De laatste captain of industry bij wie die dweperigheid nog bestond – of nog bestaat – is de wat atypische Joop van den Ende, die meer als weldoener der mensheid wordt beschouwd dan als iemand die een kleine 2 miljard euro bij elkaar heeft gesprokkeld. Een jaar of vijf geleden werd hij voor de tv geïnterviewd (ik weet niet eens meer door wie) en dat was een kwartier lang één lofzang, met uitsluitend vragen waarbij de bal alleen nog maar hoefde te worden ingeschoten. Tot de laatste vraag, want die had ermee te maken dat in Joops eigen DeLaMar Theater de producties van zijn eigen theaterproductiebedrijf duidelijk met voorkeur werden behandeld.

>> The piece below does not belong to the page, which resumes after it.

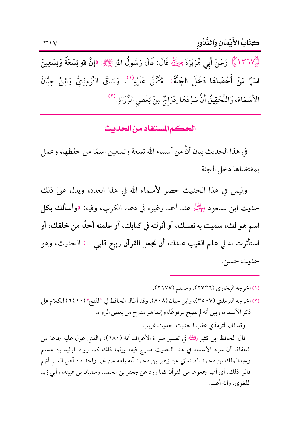 ١٣٦٧ - وَعَنْ أَبِي هُرَيْرَةَ -رضي الله عنه- قَالَ: قَالَ رَسُولُ اللهِ - صلى الله عليه وسلم -: «إنَّ للهِ تِسْعَةً وَتِسْعِينَ اسْمًا مَنْ أَحْصَاهَا دَخَلَ الجَنَّةَ». مُتَّفَقٌ عَلَيْهِ (¬١)، وَسَاقَ التِّرْمِذِيُّ وَابْنُ حِبَّانَ الأَسْمَاءَ، وَالتَّحْقِيقُ أَنَّ سَرْدَهَا إدْرَاجٌ مِنْ بَعْضِ الرُّوَاةِ. (¬٢)

‘Ja,’ sprak de interviewster, ‘ik moet u toch ook een vervelende vraag stellen. Het verhaal gaat namelijk dat in De la Mar (…).’ Waarop de tycoon zwierig reageerde: ‘Oh, laat iedereen die zich daardoor benadeeld voelt, mij bellen. Het berust allemaal op een misverstand.’ ‘Oh, dank u wel,’ beëindigde de interviewster het kritische interview.

Van geheimzinnige witjas tot huiskamervriend

Sinds ruim een maand is er sprake van een nieuwe beroepsgroep die avond aan avond wordt geïnterviewd: de virologen, moleculair virologen, moleculair biologen, biochemici en nog wat specialismen waarvan door vrijwel niemand tot voor kort het bestaan werd vermoed. Geheimzinnige specialismen, geheimzinnige beroepen, waarbij we ons nauwelijks iets kunnen voorstellen, anders dan bij  lasser, leraar, accountant of ober.

Ze verschijnen avond aan avond op televisie, leggen uit, speculeren, stellen gerust of zeggen dat we nog lang niet uit de coronacrisis zijn.

Wie zijn de strijders tegen corona? Lees het coververhaal

In de eerste periode van de het COVID-19 virus werden de (Jaap) van Dissels, (Diederik) Gommersen, (Marion) Koopmansen, (Ernst) Kuipersen en al die anderen met verschuldigde eerbied tegemoetgetreden. De interviewer lag aan hun voeten, in onwetendheid over die kleine beestjes die de wereld doen stilstaan en stond open voor alle wijsheid, alle theorieën, alle potentiële remedies die de professor deed neerdalen. De over het algemeen niet op hun mondje gevallen en nogal zelfbewuste talkshowpresentatoren en actualiteitenprogrammamakers luisterden eerbiedig en stelden nu en dan een vraag. Zoals vroeger in het leslokaal of in de collegezaal.

Maar in luttele weken kan veel gebeuren. De nog maar kort geleden geheimzinnige witjassen worden al bijna als gelijken tegemoetgetreden. Want we zijn inmiddels natuurlijk allemaal viroloog, biochemicus of wat ook geworden. Daar hebben we geen zes of zeven (of meer dan tien, als ze ook nog arts zijn) jaar voor nodig gehad!

Wat zich in deze crisistijd naast veel andere dingen aftekent, is niet minder dan een democratisering van de (bio)medische wetenschap. Alweer een probleem voor post-corona!